Partnership Law on the UBE - Dissolution vs. Dissociation – When Does Winding Up Occur?

Partnerships - Dissolution vs. Dissociation – When Does Winding Up Occur?


There are two events within the realm of partnership law that are closely related which need to be distinguished because of the significant impact on the partnership existence following the triggering of one of these events.  A partnership may dissolve and cease to exist with the withdrawal of a partner, or may continue to exist via dissociation if we follow the Revised Uniform Partnership Act (“RUPA”).  Knowing when and how these triggers will occur and how to apply each is extremely important for ultimately coming up with the correct conclusion on a partnership MEE on the UBE.

General Partnership Dissolution -  

            Dissolution can be defined as any material change in a partnership including a change caused by the death of a partner or the withdrawal of a partner, creating an automatic dissolution.  The end of the partnership is known as termination.   What transpires between dissolution and termination in which the remaining partners liquidate the partnership assets to satisfy creditors is known as winding up, a very important part of the dissolution process.  Partners may be paid for their work during the period of winding up.
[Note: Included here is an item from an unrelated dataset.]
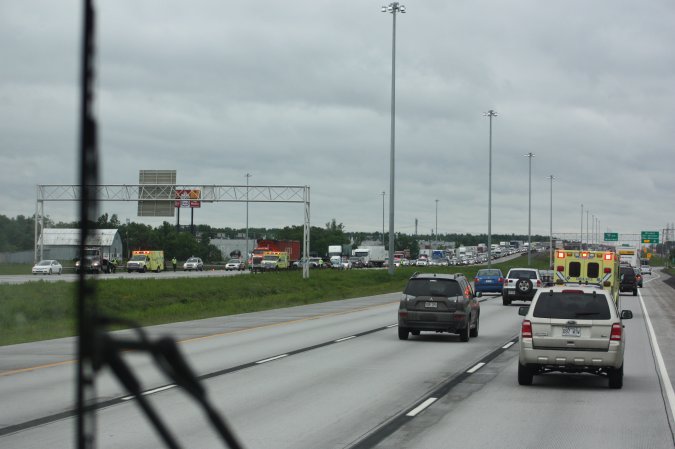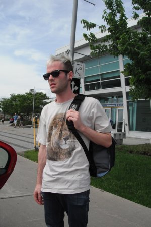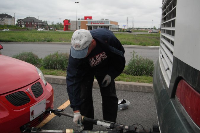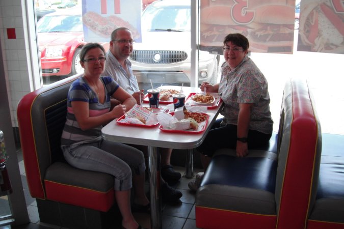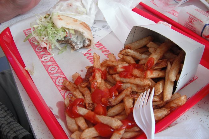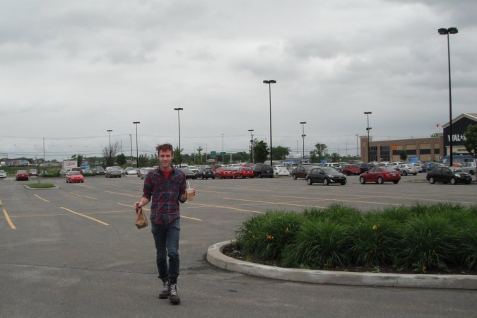 Back at the motorhome, Benoit picks up his lunch at MacDonald and I

So what of the partners’ liability once dissolution has been triggered?  As concerns old business, aka business (contracts, agreements, promissory notes, etc.) entered into prior to dissolution  of the partnership, the partnership and by extension individual general partners retain liability on all old business.  As concerns new business, aka brand new business entered into during the winding up period, all partners and the partnership will retain liability on this new business UNLESS and UNTIL the Notice of Dissolution has been given to existing creditors and potential creditors.  At such time, partners will not be liable for new business.

Finally, what is the Priority of Distribution of proceeds such that partnership creditors can be satisfied?  We first satisfy all debt to outside and inside creditors and then, each partner must be repaid his loans and capital contributions, plus that partners share of the profits or surplus minus that partners share of the losses.

As for liquidation of assets and paying back creditors, we begin by satisfying the following levels fully before moving on the next level:

1 – Outside creditors must be paid; creditors not a part of the partnership nor a partner.    
2 – Inside creditors must be paid; for example, a partner who lent money to the partnership.
3 – Capital contributions by the partners, pro-rata if necessary; capital contributions are the amount put into the partnership by each partner at the time of the partnership creation.  
4 – Finally, we split remaining profits and any surplus.

If we run out of money before satisfying the above list and money is still owed to creditors? That amount becomes the liability of the partnership and partners become personally liable on those debts.

Partner / Partnership Dissociation per RUPA -
Dissociation is defined as a change in the relationship of partners caused by any parent who ceases to be associated in carrying on the business of the partnership.  The partnership agreement may provide that RUPA dissolution-triggering events, including dissociation, will not trigger dissolution.  BAR EXAM NOTE - DOES NOT necessarily cause a dissolution and winding up of partnership business like dissolution does!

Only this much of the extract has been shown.